### What is expected
Give the data again in full, without pictures.

### Provided records
========

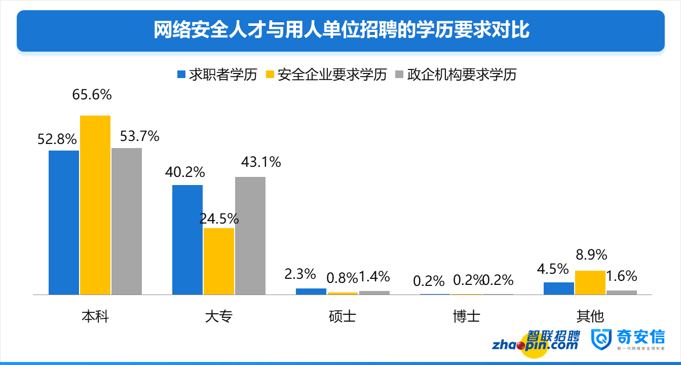 安全運(yùn)營(yíng)與服務(wù)類(lèi)的崗位成為政企機(jī)構(gòu)招聘最多的崗位類(lèi)型,占比高達(dá)32.7%,首次超過(guò)研發(fā)測(cè)試崗位。隨著,政企機(jī)構(gòu)安全建設(shè)水平的提升,安全運(yùn)營(yíng)與服務(wù)越來(lái)越受到用人單位的重視,未來(lái)的市場(chǎng)需求很有可能持續(xù)擴(kuò)大。
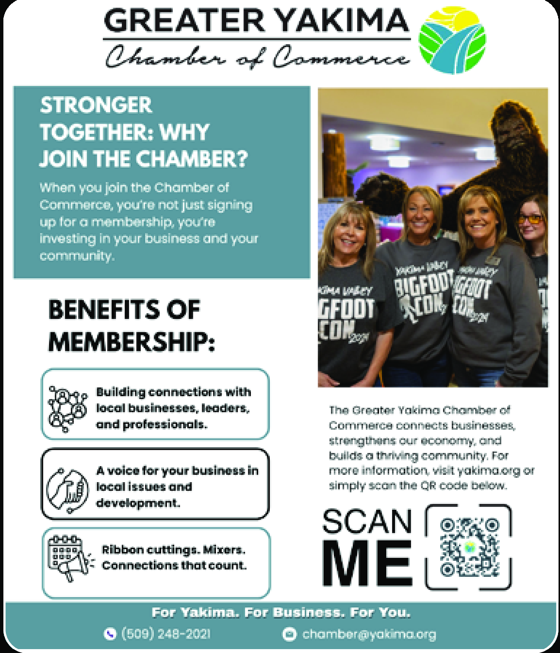 The Greater Yakima Chamber of Commerce promotes pride in our diverse communities through positive, active leadership aimed at creating a cohesive, successful business climate in our County.
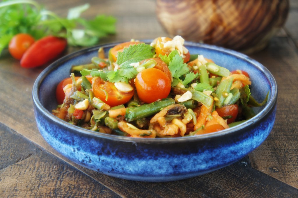 La ensalada Som Tam es originaria del noreste de Tailandia y es mucho más que una simple ensalada: es un emblema de la cocina tailandesa que combina tradición y frescura en cada bocado. Su base de papaya verde rallada, aderezada con una mezcla vibrante de sabores ácidos, dulces, salados y picantes, la convierte en una experiencia única.
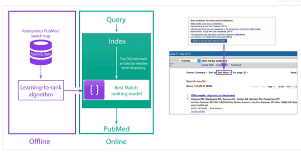 לאחרונה פותח אלגוריתם לקביעת הרלוונטיות של החיפוש, שמבוסס על למידת מכונה . הוא כולל כ- 150 סיגנלים שונים לאיתור התוצאות הרלוונטיות ביותר, חלקם קשורים להתאמה בין מילות החיפוש והרשומה ב- Pubmed , וחלקם ספציפיים לרשומה כגון סוג פרסום, תאריך פרסום ומספר הצפיות בתקציר בשנה האחרונה.
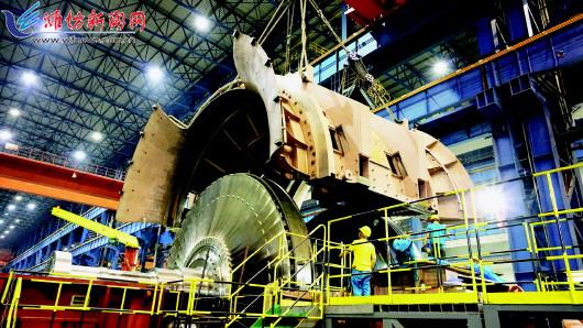4月10日,在东方电气集团东方汽轮机有限公司,“华龙一号”首台常规岛汽轮机最后一个低压模块成功盖缸。 福清5号机组两根各重280吨的低压转子在东方电气集团东方汽轮机有限公司19日完工启运,标志着我国自主知识产权核电项目“华龙一号”首台常规岛汽轮机主机设备研制全部完成。 (新华社发)
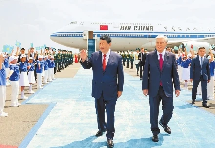 習近平抵達阿斯塔納納扎爾巴耶夫國際機場時,托卡耶夫總統率總統辦公廳主任達杰拜、副總理兼外長努爾特列烏、總統外事顧問卡濟漢、阿斯塔納市長卡瑟姆別克等高級官員熱情迎接。身著盛裝的哈薩克斯坦女青年向習近平獻花。禮兵分列藍地毯兩側致敬,哈薩克斯坦少年兒童手持中哈兩國國旗熱烈歡迎習近平到訪。習近平在托卡耶夫陪同下觀看儀仗隊分列式,直升機懸掛中哈國旗從機場上空飛過。在機場貴賓樓內,兩國元首還共同欣賞哈薩克斯坦少年兒童的文藝表演。

========

### Solution
 安全運(yùn)營(yíng)與服務(wù)類(lèi)的崗位成為政企機(jī)構(gòu)招聘最多的崗位類(lèi)型,占比高達(dá)32.7%,首次超過(guò)研發(fā)測(cè)試崗位。隨著,政企機(jī)構(gòu)安全建設(shè)水平的提升,安全運(yùn)營(yíng)與服務(wù)越來(lái)越受到用人單位的重視,未來(lái)的市場(chǎng)需求很有可能持續(xù)擴(kuò)大。
 The Greater Yakima Chamber of Commerce promotes pride in our diverse communities through positive, active leadership aimed at creating a cohesive, successful business climate in our County.
 La ensalada Som Tam es originaria del noreste de Tailandia y es mucho más que una simple ensalada: es un emblema de la cocina tailandesa que combina tradición y frescura en cada bocado. Su base de papaya verde rallada, aderezada con una mezcla vibrante de sabores ácidos, dulces, salados y picantes, la convierte en una experiencia única.
 לאחרונה פותח אלגוריתם לקביעת הרלוונטיות של החיפוש, שמבוסס על למידת מכונה . הוא כולל כ- 150 סיגנלים שונים לאיתור התוצאות הרלוונטיות ביותר, חלקם קשורים להתאמה בין מילות החיפוש והרשומה ב- Pubmed , וחלקם ספציפיים לרשומה כגון סוג פרסום, תאריך פרסום ומספר הצפיות בתקציר בשנה האחרונה.
4月10日,在东方电气集团东方汽轮机有限公司,“华龙一号”首台常规岛汽轮机最后一个低压模块成功盖缸。 福清5号机组两根各重280吨的低压转子在东方电气集团东方汽轮机有限公司19日完工启运,标志着我国自主知识产权核电项目“华龙一号”首台常规岛汽轮机主机设备研制全部完成。 (新华社发)
 習近平抵達阿斯塔納納扎爾巴耶夫國際機場時,托卡耶夫總統率總統辦公廳主任達杰拜、副總理兼外長努爾特列烏、總統外事顧問卡濟漢、阿斯塔納市長卡瑟姆別克等高級官員熱情迎接。身著盛裝的哈薩克斯坦女青年向習近平獻花。禮兵分列藍地毯兩側致敬,哈薩克斯坦少年兒童手持中哈兩國國旗熱烈歡迎習近平到訪。習近平在托卡耶夫陪同下觀看儀仗隊分列式,直升機懸掛中哈國旗從機場上空飛過。在機場貴賓樓內,兩國元首還共同欣賞哈薩克斯坦少年兒童的文藝表演。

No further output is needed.